Prix de l’immobilier, usage du mètre carré et fiscalité

L’envolée continue des prix a fait de l’immobilier l’un des placements financiers les plus performants sur la décennie écoulée, mais qui ne profite pas à tous. Cette flambée des coûts de l’immobilier a dans la plupart des cas pour origine un déséquilibre prononcé entre offre et demande de logements : l’immobilier est cher parce que rare. La ressource immobilière ne suit pas, particulièrement à Paris et en banlieue parisienne. Dans des zones fortement urbanisées, les programmes neufs supposent dans l’immense majorité des cas la destruction de l’existant, mais encore faut–il avoir des opportunités. Cédric Audenis, Chef du département de la conjoncture de l’Insee, précédemment sous-directeur des finances de la ville de Paris, fait remarquer ainsi qu’à Paris, « si l’on met de côté les espaces verts, il est facile de se rendre compte que le principal gisement de foncier disponible consiste essentiellement dans les emprises ferroviaires  ». L’autre solution consiste, pour les villes qui en ont encore la possibilité, à s’étaler horizontalement. Mais plusieurs lois récentes, notamment celles relatives au Grenelle de l’environnement, ont privilégié la préservation des zones de cultures et la lutte contre l’étalement urbain.

Ces lois, pour légitimes qu’elles soient concernant la préservation des terres arables, ont par contre encore accentué la pression foncière. Aymeric Poujol, expert en fiscalité locale à la tête du cabinet EIF, explique que « cette pression sur le foncier est renforcée par une faible rentabilisation, en termes d’usage, des mètres carrées construits récemment (bâtiments de faible hauteur, à usage exclusif de bureaux ou de commerces ou d’habitations…) et par l’épuisement de la ressource en friches industrielles urbaines, qui occupaient de vastes espaces aujourd’hui quasiment tous utilisés ». A cette difficulté de la ressource foncière s’ajoute le projet de loi de révision des valeurs locatives, « une réforme attendue par le secteur, mais mal conduite aussi bien sur la forme que sur le fond. Elle risque de fragiliser un des rares secteurs qui tient malgré la crise avec la possibilité par endroit d’un doublement de la fiscalité locale sans préavis » précise Aymeric Poujol. Les marchés n’aimant rien moins que l’incertitude, ce projet de loi, prévu pour entrer en vigueur en 2015, ne les rassure pas. De quoi très certainement geler une partie de l’activité normale des marchés fonciers, en accentuant encore les déséquilibres en faveur de la demande.

Les équilibres fragiles des politiques foncières

Ces évolutions du marché de l’immobilier vont avoir une influence notable sur les politiques foncières des communes, et donc sur leur attractivité.
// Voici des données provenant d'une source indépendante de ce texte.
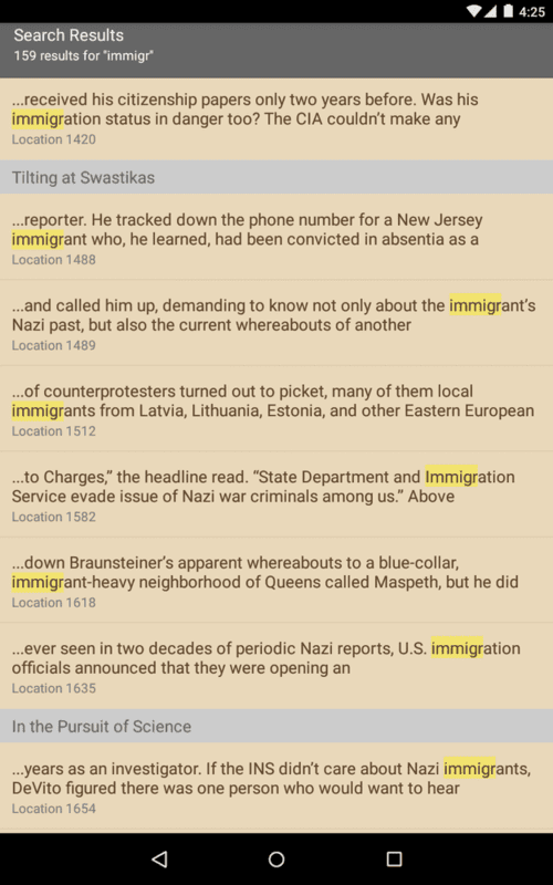 But it doesn’t use the word "immigrant" or "immigration" to describe the process by which they entered the US. Which is odd, because Lichtblau’s book, The Nazis Next Door: How America Became a Safe Haven for Hitler’s Men, uses words starting with "immigr" 159 times. (See a screenshot of that, from my Android tablet.) It must be an instance of the Times’s pro-immigrant bias — if someone is a villain, they must not be described as an immigrant.

Cette question de l’attractivité territoriale a été illustrée par l’exemple de la ville d’Avignon, ville pilote en termes d’analyse de l’attractivité depuis une étude de l’INSEE de 2012. Avignon est un exemple de déséquilibre territorial, malgré tous les atouts dont elle dispose : fractures sociales croissantes entre le centre-ville et la périphérie, solde migratoire négatifs des jeunes et des étudiants et étalement urbain non contrôlé au détriment des campagnes. Ce ne sont que quelques conséquences d’une politique foncière perfectible : Avignon grandit et attire, mais de façon déséquilibrée, ce qui ne sera pas tenable à long terme.

L’attractivité territoriale y est pourtant définie à la fois comme le moyen et l’objectif des politiques foncières, qui reposent pour partie sur la fiscalité locale. Une position partagée par Yann Milton, senior manager pour Kurt Salmon, cabinet de conseil en transformation des entreprises : «  la politique foncière est un moyen au service de l’aménagement du territoire. Elle doit permettre d’assurer la mobilisation des terrains permettant la vie de la cité et doit donc à ce titre, servir différentes finalités : l’hébergement (foncier dédié à l’habitat), les équipements de la population (éducation, loisirs, espaces verts, voirie, …), mais également le développement économique  ». Toute modification de cette fiscalité aura des conséquences sur l’attractivité des communes, et donc sur leurs recettes fiscales, dans un contexte de raréfaction du foncier. De quoi sérieusement ralentir pendant plusieurs années les projets de développement économique. Ces derniers passent par une alchimie subtile d’optimisation des ressources et des politiques foncières, à l’opposé des écueils de la cité dortoir ou du technopôle déserté la nuit. Sur la base d’une fiscalité équilibrée et équitable et d’une utilisation raisonnée des ressources foncières, tout l’enjeu consiste à préserver l’écosystème social : proposer une saine articulation entre logements, commerces, bureaux, et services de proximité comme les administrations ou les transports.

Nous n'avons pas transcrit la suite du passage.